It has been well established that siRNA duplexes have both on-target (to reduce expression of intended gene) as well as off-target activities (to reduce expression of nonintended genes). 7 A significant portion of false-positives from siRNA screens is likely due to off-target effects. 8 siRNA off-target effects have been linked to the mechanism of action for miRNAs, 9 in which a short sequence on the 5′ end of the RNAi duplex (the “seed region,” bases 2–8) is complementary to the 3′UTRs of multiple mRNAs, causing degradation of their associated transcripts.7,10 Because sequence matches as short as six nucleotides can result in down-regulation of a transcript, the number of off-target effects due to a single siRNA can number in the hundreds. Consistent with this, we show that seed-based off-target effects have significantly more influence on our screen of the Wnt pathway than on-target effects do.

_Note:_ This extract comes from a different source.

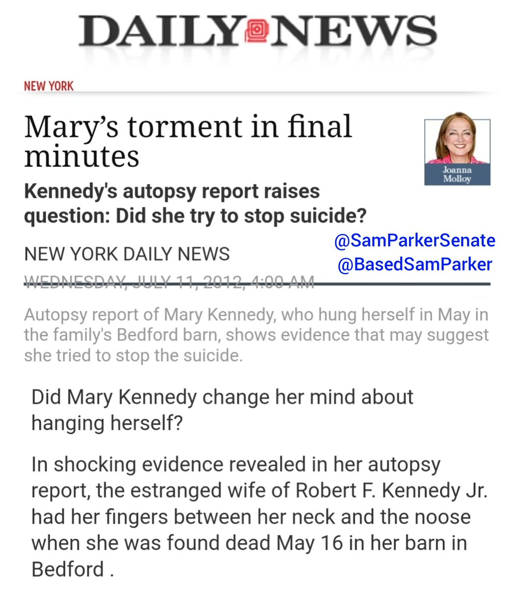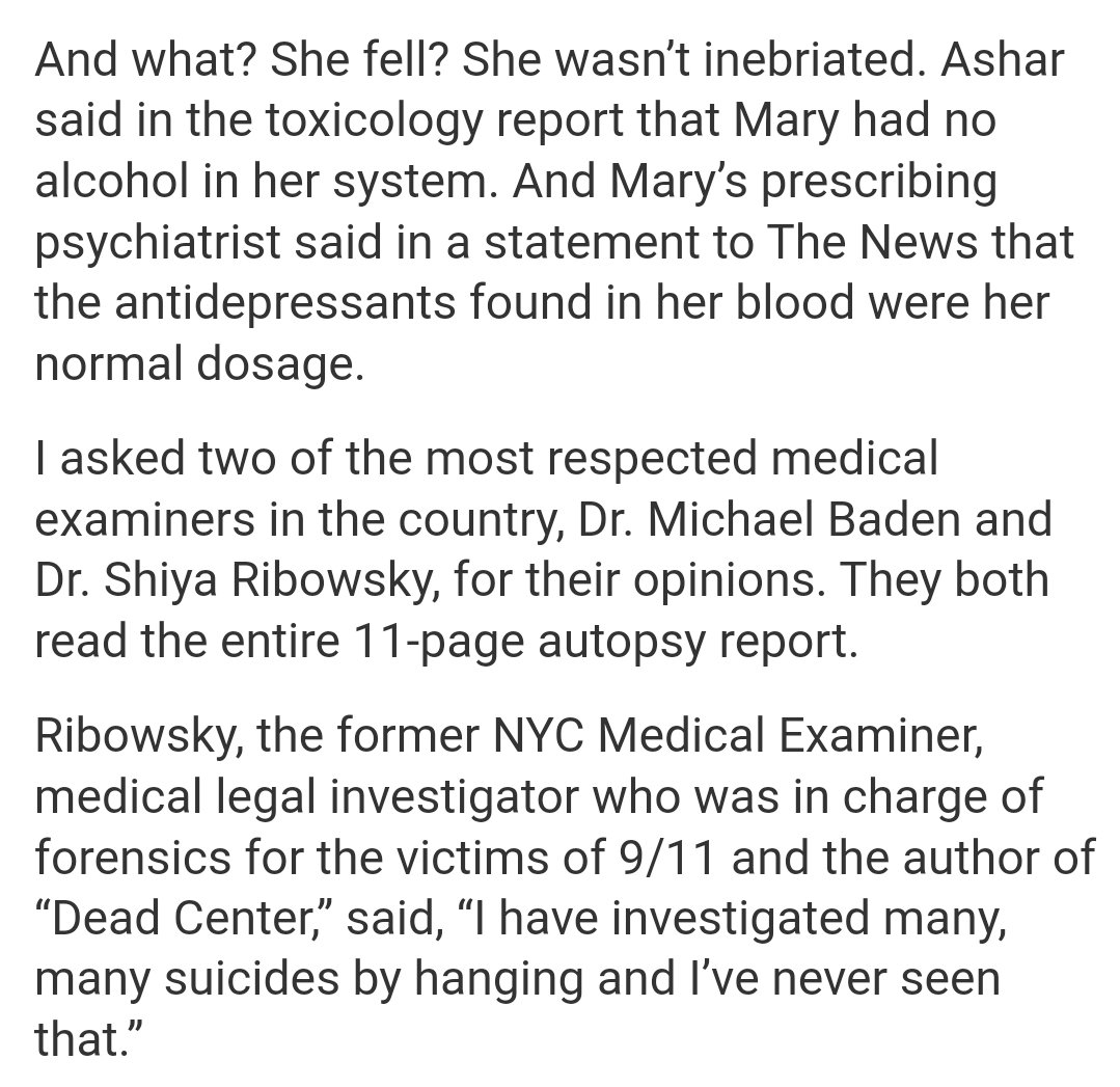 🧵4/ BOMBSHELL: MARY KENNEDY TRIED TO STOP THE SUICIDE The autopsy showed her fingers had been wedged between the rope and her neck--like someone would try to do to escape the noose! Furthermore, if you think "Maybe she wanted to remain lucid and in control"--a "rational" suicide--well, she didn't leave a note either! Taking the toxicology report, the autopsy report & the lack of a note together--1 nationally renowned medical examiner remarked who had been in charge of 9-11 victim forensics, and who had investigated many suicides by hanging, remarked "I've never seen that."

To date, a workflow to distinguish true-positives from off-target false-positives that requires extensive postscreen experimental triage has been proposed and widely accepted. 11 These steps typically include testing of additional siRNA sequences, confirmation in multiple cell lines, and the matching of phenotypic assay results to changes in mRNA levels. Other groups have developed methodologies to address off-target effects by treating them as random occurrences and attempting to mitigate them by gathering data from multiple siRNAs targeting the same gene at the primary screen level. 12 Alternatively, approaches exist in which siRNAs containing seed regions that are present in a large number of 3′UTRs are avoided altogether. 10
To complement these existing approaches and to help address the high incidence of “promiscuous” seeds among top screening hits, we demonstrate a methodology called common seed analysis (CSA; software supplied in supplementary material), which uses siRNA seed region biases observed in the primary screening data to visualize and eliminate results from confirmation screens in which statistically significant off-target effects are present. CSA can be applied as part of the hit-prioritization process to eliminate clear off-target effects from consideration. Furthermore, this method can be readily implemented using existing siRNA screening libraries and does not require specific seed hexamer selection. We have applied this methodology to identify off-target effects in the context of a full-genome siRNA screen designed to identify new targets in the Wnt pathway by assaying for β-catenin, a signature gene in that pathway. 13
Materials and Methods
Genome-Scale siRNA Screen
To validate CSA for detection of siRNA off-targets, we applied the methodology to data generated previously in a genome-scale siRNA screen to identify genes involved in the regulation of the Wnt/β-catenin pathway.13,14 We describe the details of that screen only briefly and refer the reader to Chung et al. 14 for a more complete description of the methods used. The primary screen was run against both whole-genome (pools) and druggable (singles and pools) siRNA libraries using a human HT1080 sarcoma cell line engineered with a luciferase reporter coupled to a β-catenin promoter. This β-catenin-Luc reporter system was activated with conditioned media containing Wnt-3a. This assay was chosen to test the CSA methodology because it exhibited excellent transfection efficiency and had a robust assay window that allowed for miniaturization to a 1536-well nanoplate format. Miniaturization of the assay significantly increased plate throughput so that replicates were logistically feasible, even at the genome-scale primary screening stage.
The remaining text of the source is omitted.